A court has refused to prohibit the authorities from selling fuel held in a ship, ruling an injunction request did not satisfy the legal requirements.
Pierre Darmanin had asked the court to prohibit the transfer, sale or unloading of the fuel legally held on the MV Silverking, a vessel he claimed belonged to him.
On July 1, the Armed Forces of Malta noticed spilled fuel outside territorial waters. Four ships, including MV Silverking, were escorted to the harbour. A magisterial inquiry concluded that although it was carrying fuel from Misrata, Libya, it was not involved in the spillage.
The authorities decided the ship could not carry out bunkering operations in Maltese waters as it was only a supply vessel and could not be used to store fuel.
This gave rise to safety concerns and the Police Commissioner asked the inquiring magistrate to order the removal of MV Silverking’s fuel.
The court ordered this to be done at the expense of the Registrar of Courts and used by Enemalta, on condition that its owner would be compensated if no criminal charges were filed.
Mr Darmanin submitted the fuel was bought legally and he could not be ordered to give it to Enemalta.

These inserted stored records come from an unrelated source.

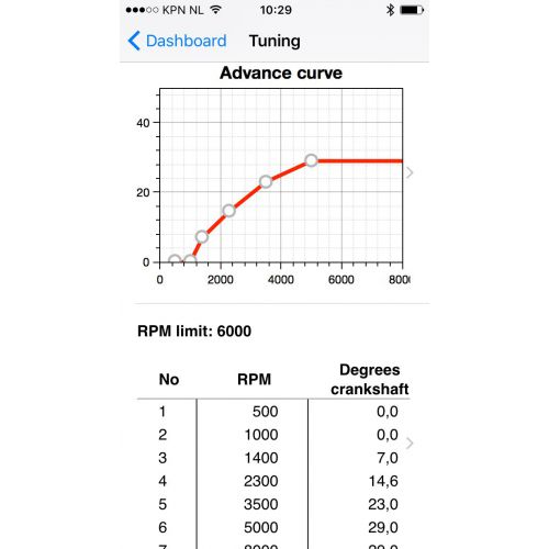 - Avance de vacío- y boost-retard curva (0 a 200 kPa o -30 inHg a +15 psi).
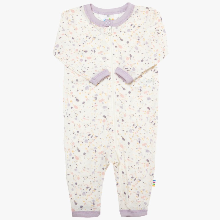 Heldress med glidelås foran og ned gjennom det ene benet samt trykknapper ved halsen. En ribbet, myk og lett ullkvalitet med god strekkevne som er deilig behagelig å ha på. Søtt print med kontrastfargede kanter. Pure merino wool og Oeko-tex 100 merket
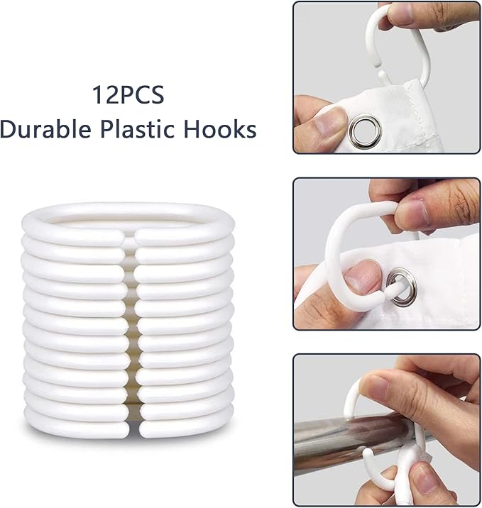 - ★MATERIAL: 100% polyester fabric, water proof. Not see-through, protect your privacy always. Includes 12 plastic curtain hooks.
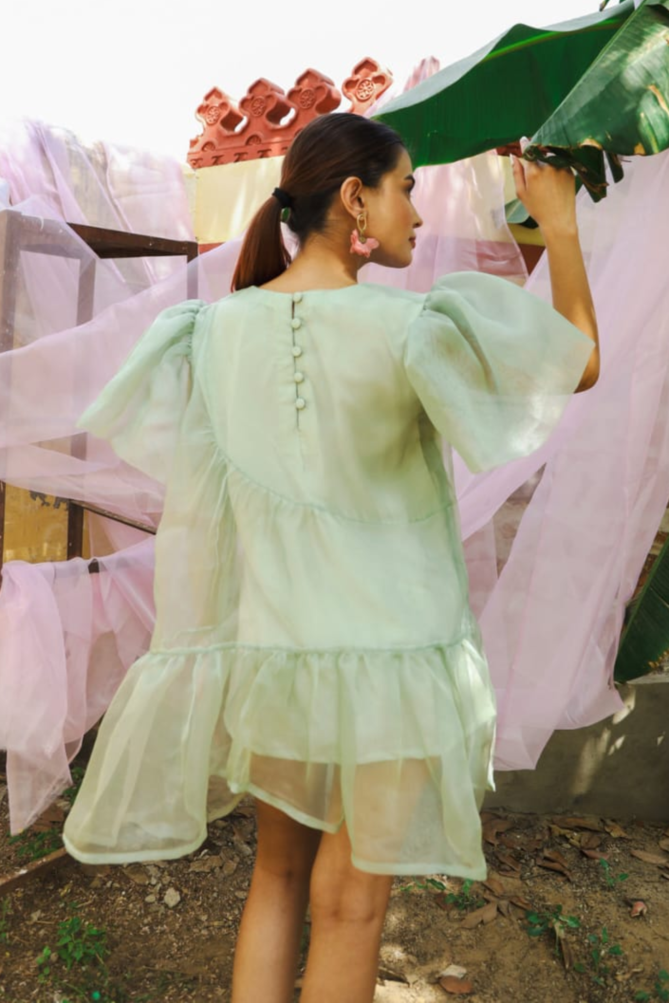 Mini panelled tier dress in silk organza with exaggerated butterfly sleeves. Handmade button closure detailing at the back. Summers never looked this delicious to us
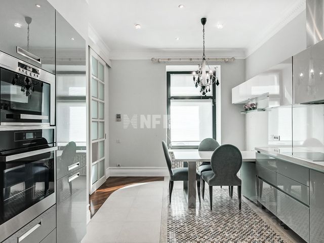 Квартира общей площадью 254,1 кв. м расположена на 4-м этаже жилого дома "Никитский 6". Из окон открывается вид на Никитский бульвар, Арбат, Дом-музей им. Н.В. Гоголя и Центральный Дом журналиста. Планировочное решение включает панорамную кухню-гостиную, 3 мастер-спальни с личными ванными и гардеробными комнатами и сервисные помещения. Во всех квартирах предусмотрена высококачественная авторская отделка с кухонными модулями, бытовой техникой и полностью оборудованными ванными комнатами. В интерьере предложены природные оттенки и натуральные премиальные материалы: дерево, различные породы камня, элементы металла. Выполнена интеграция ультрасовременных инженерных систем с элементами управления smart home и multiroom. "Никитский 6" расположен в одном из культовых районов столицы — на Арбате, на пересечении Никитского бульвара и улицы Воздвиженка. В пешей доступности от дома находятся всемирно известные культурные достопримечательности, образовательные учреждения, зеленые бульвары для прогулок, модные рестораны и бутики Никитской улицы и всего в пяти минутах ходьбы Александровский сад. Для дополнительного комфорта резидентов "Никитский 6" предусмотрена клубная инфраструктура: просторное комфортабельное лобби, зал для частных занятий йогой и пилатесом, библиотека и пространство для деловых встреч. На трех подземных уровнях дома расположен просторный паркинг с увеличенными габаритами машино-мест, скоростными зарядками для электромобилей, storage-rooms и сервисными помещениями для персонала. Продам 4-комнатную квартиру в районе Арбат в Москве.
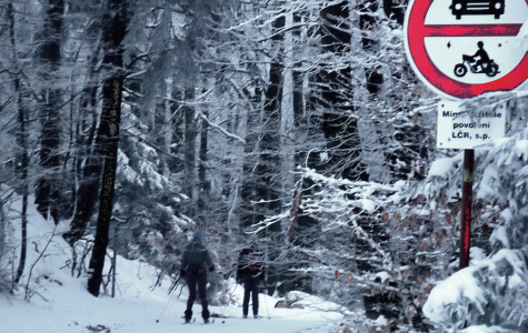 Míjejí nás běžkaři, kteří zde mají krásné možnosti na svůj sport. Ani nás sníh neodrad a pokračujeme po asfaltové cestě s uježděným sněhem, po kterém se pohodlně stoupá. Výstup je v první části docela náročný jelikož jdeme přímo kolmo proti svahu z nadmořské výšky 390 m až do 600 m na pouhých dvou kilometrech.

Mr Justice Joseph Zammit McKeon said Mr Darmanin had not told the court he would suffer irremediable harm if the warrant was not upheld. This was a legal requirement.
Also, the ship was owned by a company, Silver King Ltd, of which Mr Darmanin was a director, and not by Mr Darmanin himself. Neither did he own the fuel.
The court dismissed the application, which was filed against the Police Commissioner, Harbour Master, Enemalta, Controller of Customs, Malta Transport Authority, Attorney General, AFM and Registrar of Courts.